- **EXTRACTED ENTRIES**:
************

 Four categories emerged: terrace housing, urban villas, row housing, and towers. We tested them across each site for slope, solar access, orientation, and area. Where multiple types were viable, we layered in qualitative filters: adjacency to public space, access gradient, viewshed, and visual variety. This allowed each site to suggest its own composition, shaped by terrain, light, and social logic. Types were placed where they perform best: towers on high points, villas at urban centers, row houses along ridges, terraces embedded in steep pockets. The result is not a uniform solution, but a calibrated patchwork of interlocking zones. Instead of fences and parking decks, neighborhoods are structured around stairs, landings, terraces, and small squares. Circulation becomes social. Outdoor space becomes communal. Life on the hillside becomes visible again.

************

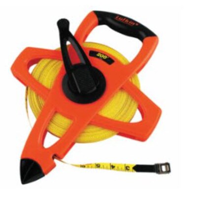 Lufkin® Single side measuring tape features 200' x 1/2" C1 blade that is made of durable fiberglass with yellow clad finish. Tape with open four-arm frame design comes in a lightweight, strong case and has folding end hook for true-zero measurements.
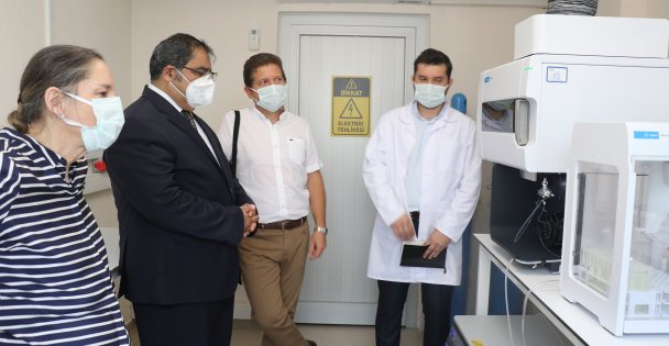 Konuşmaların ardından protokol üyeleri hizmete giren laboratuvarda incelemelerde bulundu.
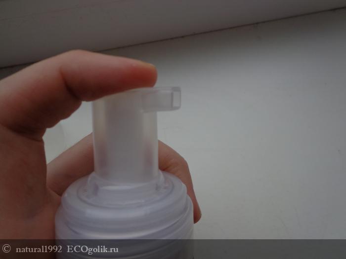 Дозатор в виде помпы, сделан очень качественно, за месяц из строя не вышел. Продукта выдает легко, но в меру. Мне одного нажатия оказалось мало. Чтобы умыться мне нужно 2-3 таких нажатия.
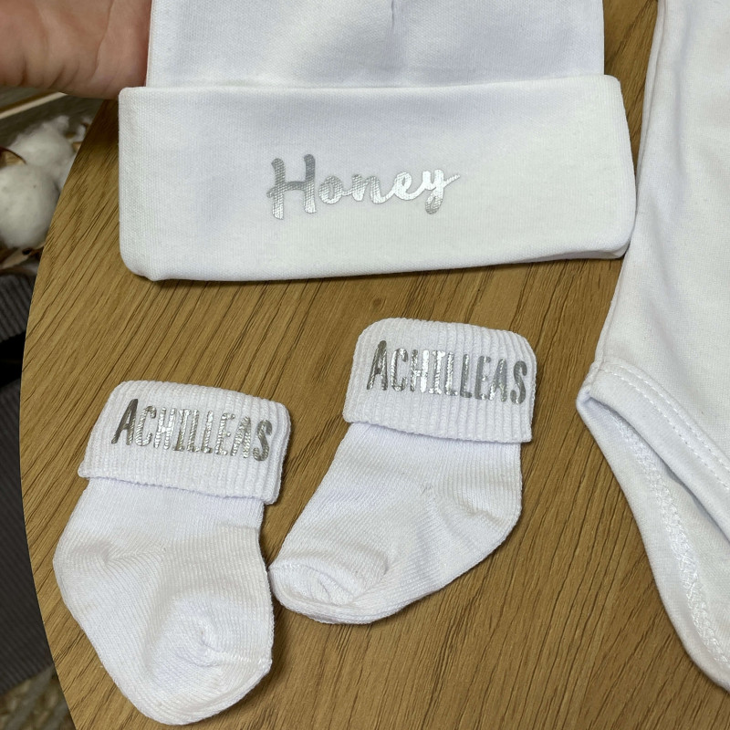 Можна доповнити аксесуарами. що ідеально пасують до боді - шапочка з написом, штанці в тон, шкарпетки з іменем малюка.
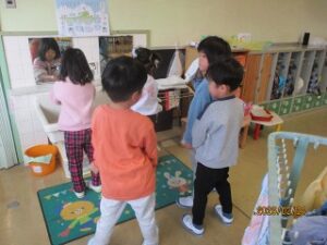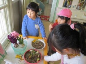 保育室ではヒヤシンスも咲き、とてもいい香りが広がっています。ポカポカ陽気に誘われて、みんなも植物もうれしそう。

************

- **DESCRIPTION OF THE TASK**:
What is needed is an exact copy of the lines above, from the one holding "Lufkin® Single side" down to the one holding "Можна доповнити аксесуарами.", with those two included and the pictures left out.

- **REPLY TO THE TASK**:
 Lufkin® Single side measuring tape features 200' x 1/2" C1 blade that is made of durable fiberglass with yellow clad finish. Tape with open four-arm frame design comes in a lightweight, strong case and has folding end hook for true-zero measurements.
 Konuşmaların ardından protokol üyeleri hizmete giren laboratuvarda incelemelerde bulundu.
 Дозатор в виде помпы, сделан очень качественно, за месяц из строя не вышел. Продукта выдает легко, но в меру. Мне одного нажатия оказалось мало. Чтобы умыться мне нужно 2-3 таких нажатия.
 Можна доповнити аксесуарами. що ідеально пасують до боді - шапочка з написом, штанці в тон, шкарпетки з іменем малюка.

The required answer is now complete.